Капли воды с мокрых листьев шпината яростно разбрызгивали горячее масло, и я четко запомнила свои чувства. Счастливо завершилась для нас война. Японцы должны скоро уйти, и все снова будет, как прежде. Муж может вернуться на работу, дети в школу, чтобы снова учиться нормальным предметам, а я – к задаче накопить денег для приданого моим дочерям. Для Мохини мне потребуется меньше, и сомнительно, что на Лалиту нужно будет больше. Я планировала хорошие свадьбы своим дочерям. Для моих детей открывалась ослепительная жизнь. Первым делом я продам проклятых коров.
Слишком много тяжелой работы. Я оставила шпинат поджариться немного дольше. Когда я нарезала баклажан, полностью окунувшись в собственные мысли, послышался визг колес. Визг, которого я приучилась бояться, визг, который мог значить только одно. Нож замер в воздухе на мгновение и выпал из моей ослабевшей руки прежде, чем я вскочила и подбежала куличному окну. Два джипа, заполненных молчаливыми японскими солдатами поворачивали на нашу грязную улицу. Мое сердце начало бешено стучать в груди. В панике я закричала на детей. Я открыла люк, и Анна, которая была ближе всего, заскочила в него.
– Японцы! Быстрее, Мохини! – закричала я, подбегая обратно к окну.
Солдаты уже разбивались по парам и шли в направлении нашего дома. Я отвернулась от их мрачных желтых лиц и увидела, что Мохини и Лакшмнан, запыхавшись, вбегали в гостиную. Она собиралась заскочить в дыру, а Лакшмнан должен был закрыть люк за ними с Анной. Я отвернулась и увидела, что два солдата уже начали подниматься по нашей лестнице. Один из них был с орденской лентой, и я знала, что это полковник Ито.

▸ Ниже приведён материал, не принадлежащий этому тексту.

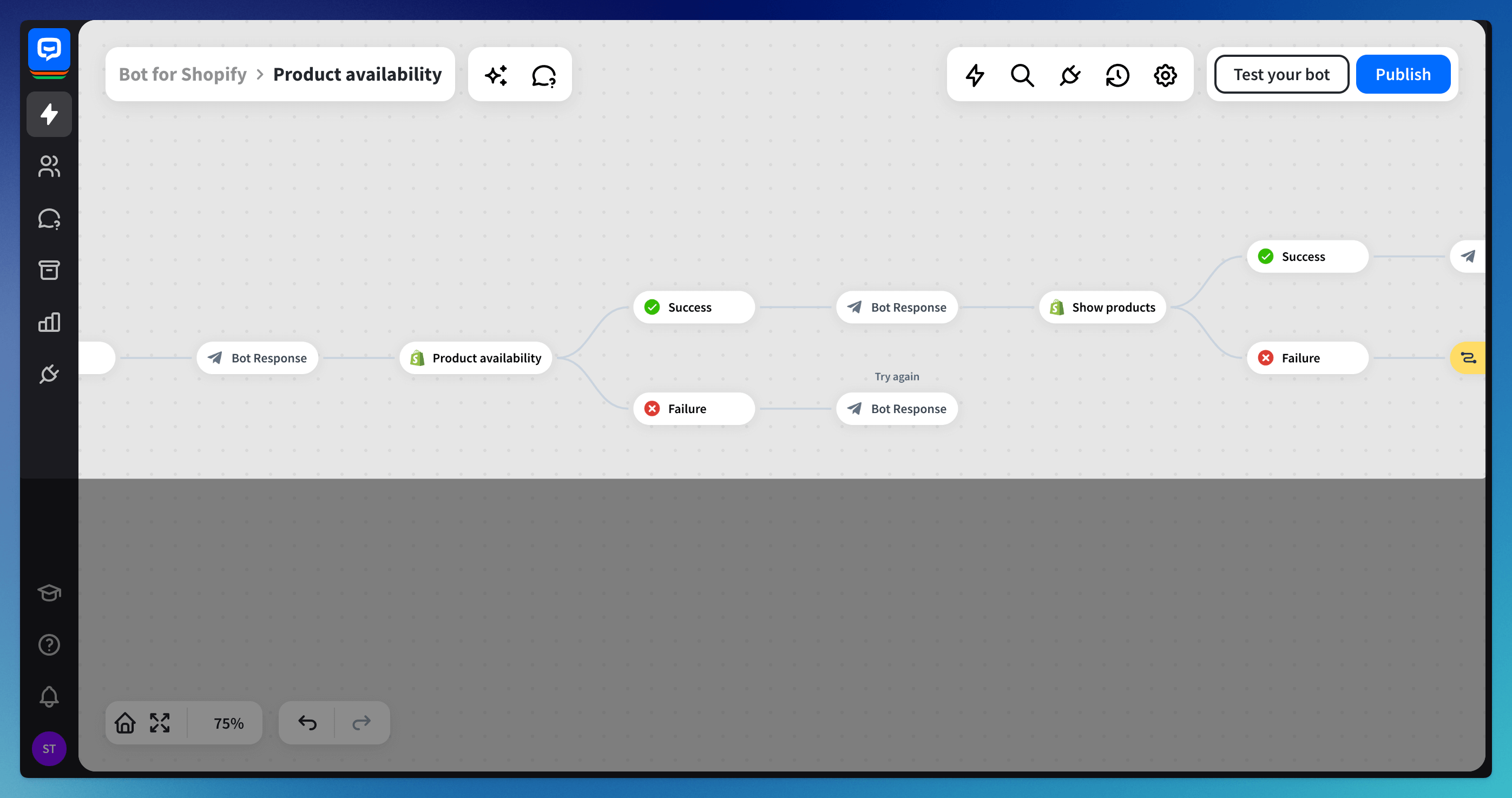 Shopify flows are pre-configured, task-specific chatbot structures that you can add to your bot to speed up the build process.

– Быстрее, Мохини, – слышала я быстрый шепот Лакшмнана.
В его голосе был животный страх, и я думаю, именно Лакшмнан виновен в том, что случилось дальше. Когда он подтолкнул ее, то сам потерял равновесие и упал в люк. Тяжелые черные ботинки были уже за дверью. Японцы никогда не стучались, они открывали дверь ногой. И в эти последние мгновения Мохини приняла ужасное решение. Она решила, что уже слишком поздно вытаскивать Лакшмнана, а для нее там места уже тоже не осталось. Поэтому глупая девчонка сделала непостижимое: захлопнула люк и перетянула сундук на место над ним. Когда я отвернулась от окна, то увидела, что она стоит перед сундуком.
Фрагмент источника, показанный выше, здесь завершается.